The Fake Nostalgia calendar was created as a collaboration between photographer Hyungyeong Jang and graphic designer Jiun Kwon.
Living as a foreigner in Germany heightens photographer Hyun’s sense of continual misalignment with the places she inhabits. Feelings of estrangement from her present surroundings and the unfamiliarity she encounters when revisiting once-familiar landscapes gradually loosen the boundary between memory and reality. Confronted with this disjunction, the artist turns to images rather than physical spaces to construct an imaginary refuge. The places that appear in her work resemble fictional scenes composed from memory, imagination, and fragmented images, rather than direct representations of actual landscapes. This produces an uncanny atmosphere that permeates her photographs and installations.
Her interest in the ways images stand in for reality expands from personal memories to the fabricated natural imagery produced by consumer culture. Calendar photographs, catalog spreads, and decorative objects present standardized images of nature that function as packaged substitutes for the real landscape. Hyun examines how this kind of “regulated nature” (verpackte Natur) circulates between familiarity and strangeness, unsettling and reshaping our sensory experience.

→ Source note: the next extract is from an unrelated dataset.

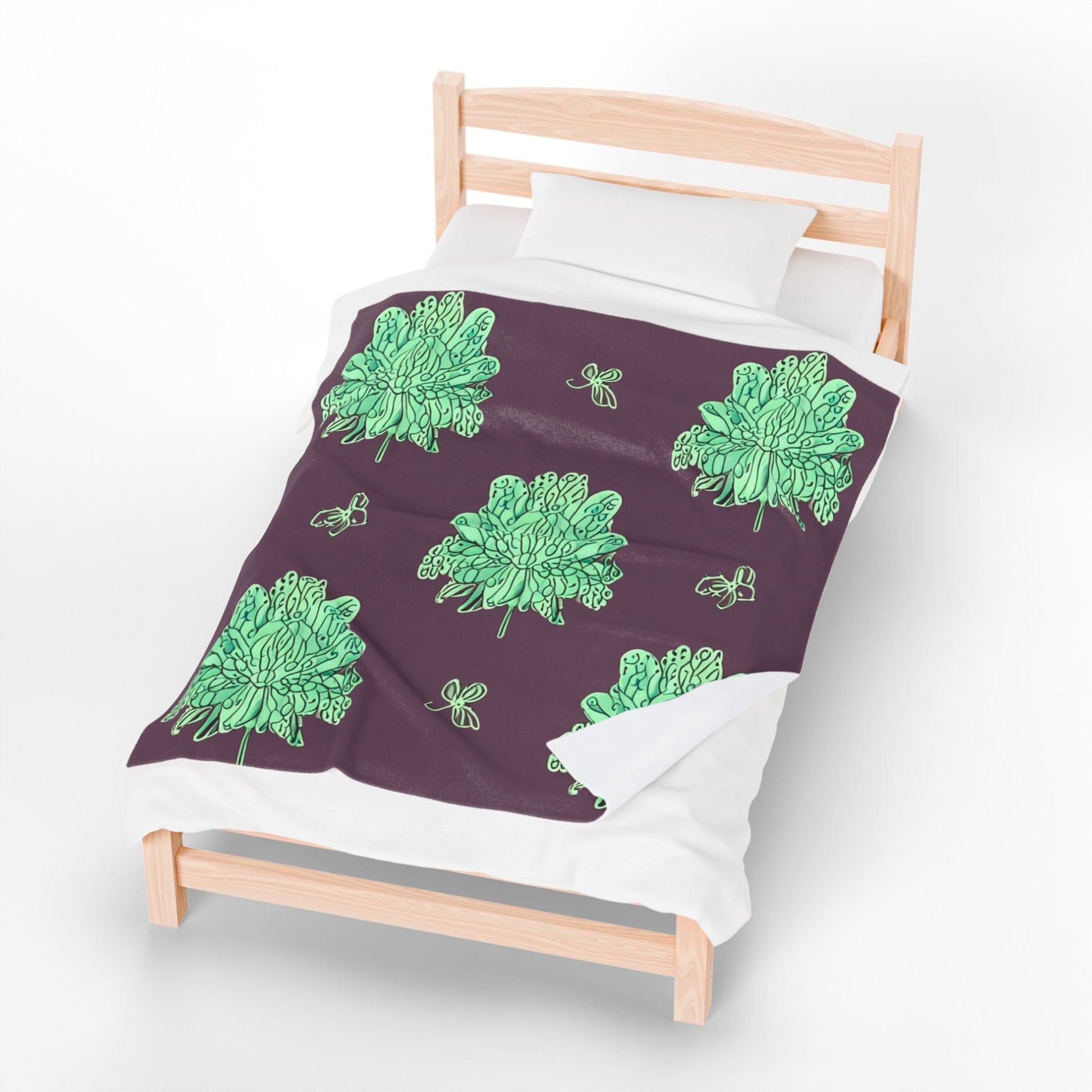 Mint Green Floral Butterflies Velveteen Plush Blanket, 50" x 60"

As a graphic designer, Jiun used a combination of Airport Black and Futura Extra Bold for the typefaces in the Fake Nostalgia calendar. Futura Extra Bold is Edwin W. Shaar’s 1952 weight extension of Futura, the geometric sans-serif typeface developed in the 1920s by the German designer Paul Renner. It became widely used in global corporate branding and advertising and came to represent the visual language of industrialization and mass production. Airport Black (c.1943) is the heaviest weight of and a unique addition to Baltotype’s unofficial copy of Futura, functioning as a kind of American, consumer-oriented Futura.
Just as natural imagery in Hyun’s work is consumed as simulated nature rather than an actual landscape, these typefaces also operate within a relationship of originals and reproductions. Image and type share a mechanism of replication that replaces reality, articulating the artist’s concept of fake nostalgia.